I resisted for a few years after a very painful experience with first generation smart electric meter, which saw my bill go from £90 to £350 a month. I ended up leaving that supplier as the only way to resolve the billing issues ( to which I got a full refund after dragging the CEO into the discussion). I have solar PV installed for the last 9 yrs and was hesitant when approached by current provider to switch over to smart meters. After a lot of surfing various forums and user groups, the consensus was that the incumbent was installing 2nd Gen meters and those with Solar PV had no problems. I invested in a small monitoring computer (EmonPI a raspberry pi derivitive) which monitors both my solar output and my intake from the grid and ran this for about 6months comparing the data with that of the solar and grid meters. I found it to be remarkably accurate with only a small difference between them, not great enough to get bent out of shape.
So I bit the bullet and went ahead with the smart meters, a year later no problems and the checks between the monitors is within the same tolerances as previously observed. Solar is not interfering or being miss interpreted and I no longer get estimated readings for Gas & Electric.
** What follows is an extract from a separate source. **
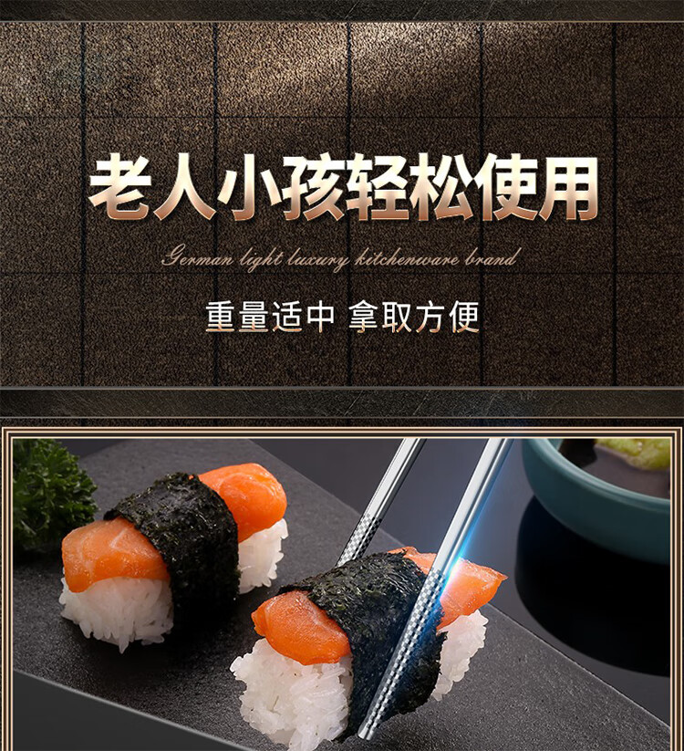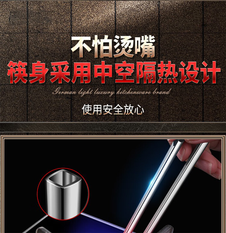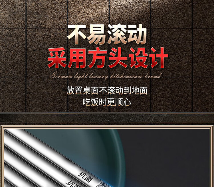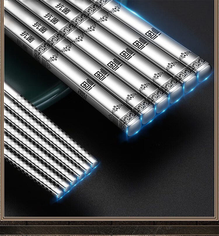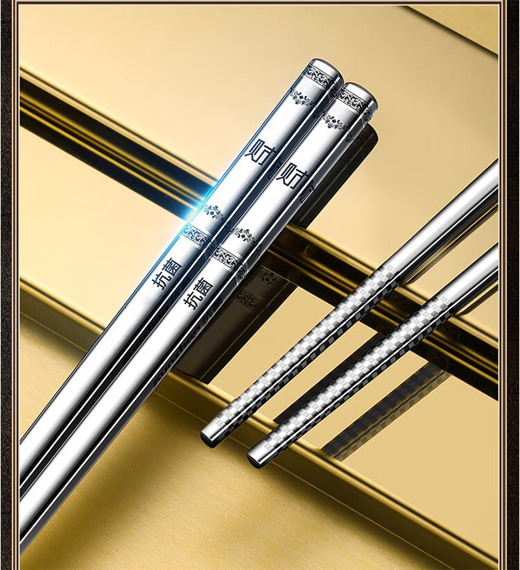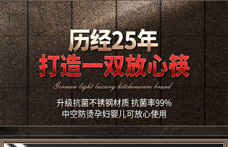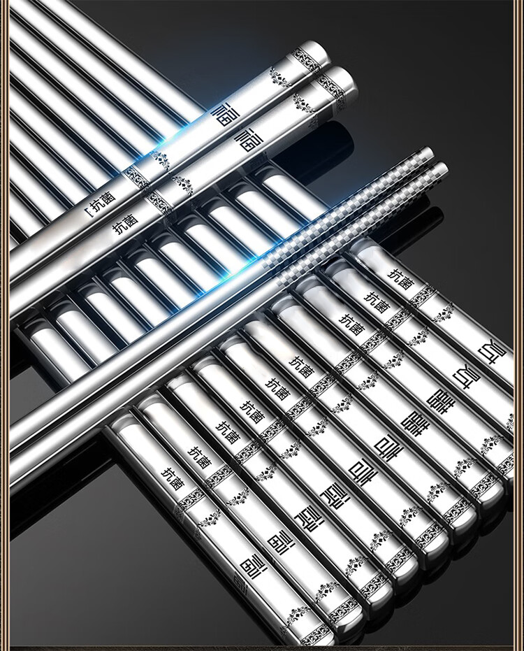 筏芯【德国】抗菌不锈钢筷子家用防滑316食品级防霉高档304筷子新款 【抗菌专利不锈钢】5双装-福星高照款(5个花色各1双)

The solar is still a manual reading supplied by me every quarter via the website!
The bottom line is that you can check if your current supplier has any known issues with Solar installations and there smart meter offerings. Including sim coverage for their chosen network.
I have spent the last 30yrs working in IT systems and have had experience in setting up billing systems for energy companies. With this background I'm comfortable with how these systems and services work and nothing has changed from the customer perspective other than manual metering only occurs once a year as a means of checking that the systems are reporting correctly and have not been interfered with.